Vemos que ao explicar a natureza do reino aos que por suas predisposições e educação, não podiam ter mais do que opiniões errôneas, acerca da fase terrestre dele, requeria-se paciência da parte do Senhor. Entretanto, a eleição da classe do povo apropriado, para participar no reino do Messias prosseguia, ainda que somente uns poucos foram os escolhidos de Israel, a quem tal oferta foi oferecida, de modo exclusivo, por sete anos. Como Deus havia previsto, por causa de sua falta de preparação para ele, e falhando em compreender e cumprir as condições exigidas, como nação, foi-lhes tirado o privilégio de participar no reino do Messias, havendo-o aproveitado somente um número reduzido; logo foi apresentado aos gentios, para tomar dentre eles também “um povo para o seu Nome”. Dentre estes, igualmente, só um número reduzido, “um pequeno rebanho”, apreciam tal privilégio, e são contados dignos de serem co-herdeiros de seu reino e de sua glória.

Muito sério tem sido o erro introduzido na Igreja cristã nominal, a qual, segundo o seu modo de entender, se refere simplesmente à Igreja nominal em sua condição presente, e que sua obra é apenas uma obra da graça nos corações dos crentes. Este erro tem chegado a tal extremo, que a presente e ilegítima aliança da Igreja nominal com o mundo é considerada por muitos como o Reino de Deus na Terra. É certo que num certo sentido, a Igreja é agora o Reino de Deus, e que tem sido levado a efeito uma obra da graça nos corações dos crentes; mas crer que isto é tudo, e negar que um verdadeiro e futuro Reino de Deus ainda está para estabelecer-se debaixo de todo o céu, no qual se fará a vontade de Deus assim como é feita no céu, é anular e invalidar as mais diretas e destacadas promessas que, para nosso consolo e auxílio em vencer o mundo, nos foram dadas, a saber, por meio do Senhor, dos apóstolos e dos profetas.

Nas parábolas do Senhor, a Igreja frequentemente é denominada como o reino, e o Apóstolo quando disse que Deus nos tirou do poder das trevas, e nos transportou para o reino do seu Filho amado, falava acerca dela como o reino sobre o qual Cristo agora reina. Nós, os que agora aceitamos a Cristo, reconhecemos que ele tem comprado o direito do domínio, e transbordamos de regozijo e voluntariamente lhe rendemos homenagem e obediência antes que à força o estabeleça no mundo. Reconhecemos a diferença que existe entre as leis justas que Ele implantará, e as deste reino tenebroso que tem estabelecido o usurpador, agora príncipe deste mundo. A fé nas promessas de Deus transfere nossa submissão e lealdade; reconhecemo-nos como súditos do novo Príncipe, e, por meio de sua graça e de seu favor, como sendo co-herdeiros com Ele nesse reino ainda por estabelecer-se com poder e grande glória.

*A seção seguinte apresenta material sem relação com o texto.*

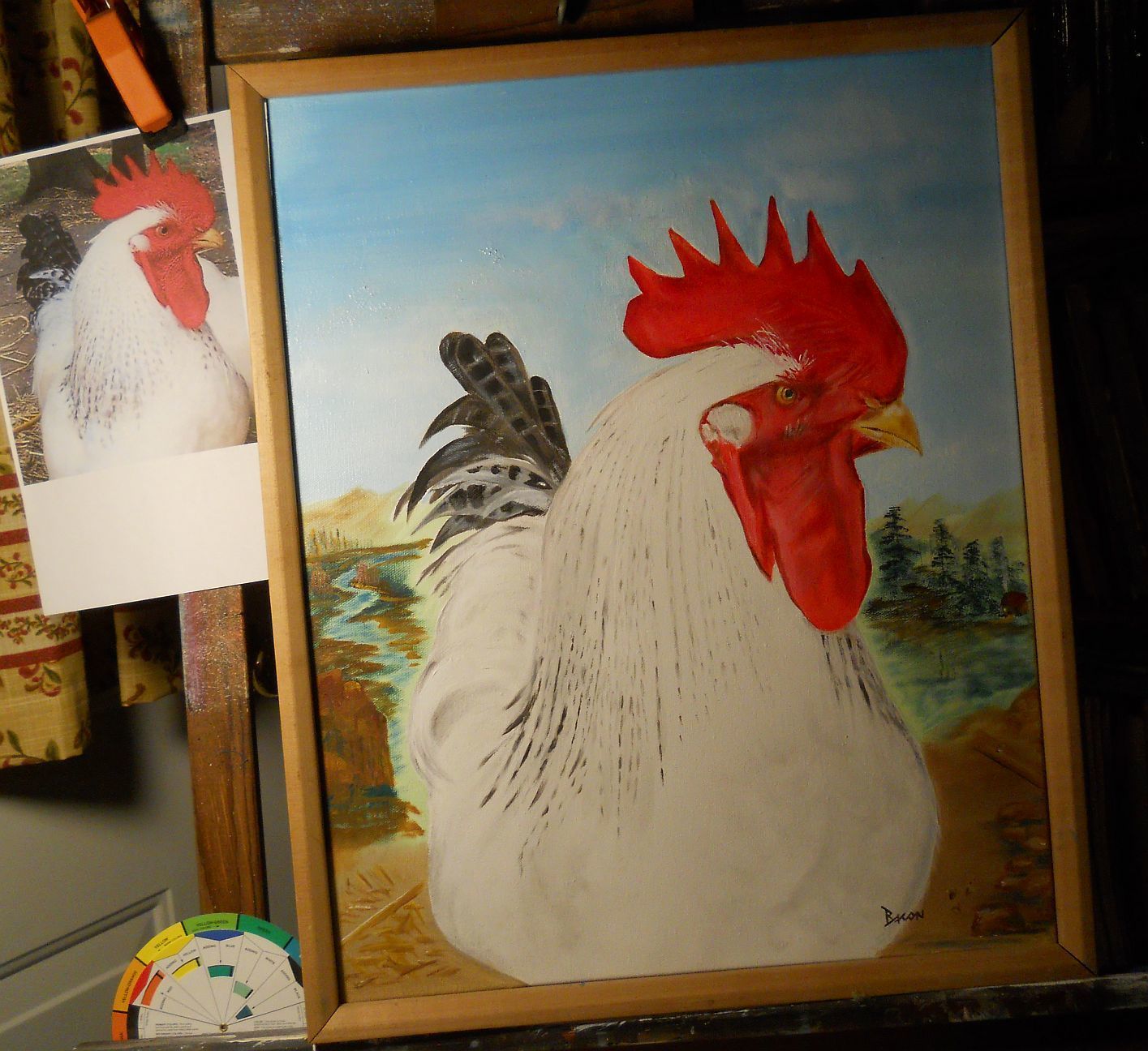 Thanks, Debby. Yes, that is the painting I cropped to use for my avatar. After the year of mourning for my boy, I put his grandson, Atlas, up there. Sure miss Isaac. That painting is on the wall next to my side of the bed. Over my desk is the pencil drawing that our young member, Symphony, did of my Suede and another one is a pen and ink drawing of on of my late SLW hens, Violet, done by Seachick's daughter, Olivia. (I hope I got the name right, it's been a lot of years now). I love my chicken art.

Mas isto de maneira alguma anula as promessas de que finalmente o reino de Cristo será “de mar a mar, e desde o rio até as extremidades da terra” (Salmo 72:8) que todos os domínios o servirão, e lhe obedecerão, e que diante dele se dobrará todo joelho dos que estão nos céus, e na terra. (Daniel 7:27; Filipenses 2:10) Antes, ao contrário, a presente seleção do “pequeno rebanho” confirma essas promessas.

Ao examinar cuidadosamente as parábolas do Senhor, se verá claramente que ensinam como acontecimento futuro a vinda ou estabelecimento do Reino de Deus com poder, e por suposto, não tendo lugar senão até depois da chegada do Rei. Isto pode ser visto na parábola de certo homem nobre que partiu para uma terra longínqua a fim de tomar posse de um reino e depois voltar, etc. (Lucas 19:11-15), a qual claramente localiza o estabelecimento do Reino na segunda vinda de Cristo. E muitos anos depois, a mensagem enviada pelo Senhor à Igreja foi: “Sê fiel até a morte, e dar-te-ei a coroa da vida.” (Apocalipse 2:10) Disto, logicamente se infere que os reis que hão de estar associados com Ele quando se estabelecer o reino, não serão coroados nem reinarão nesta vida.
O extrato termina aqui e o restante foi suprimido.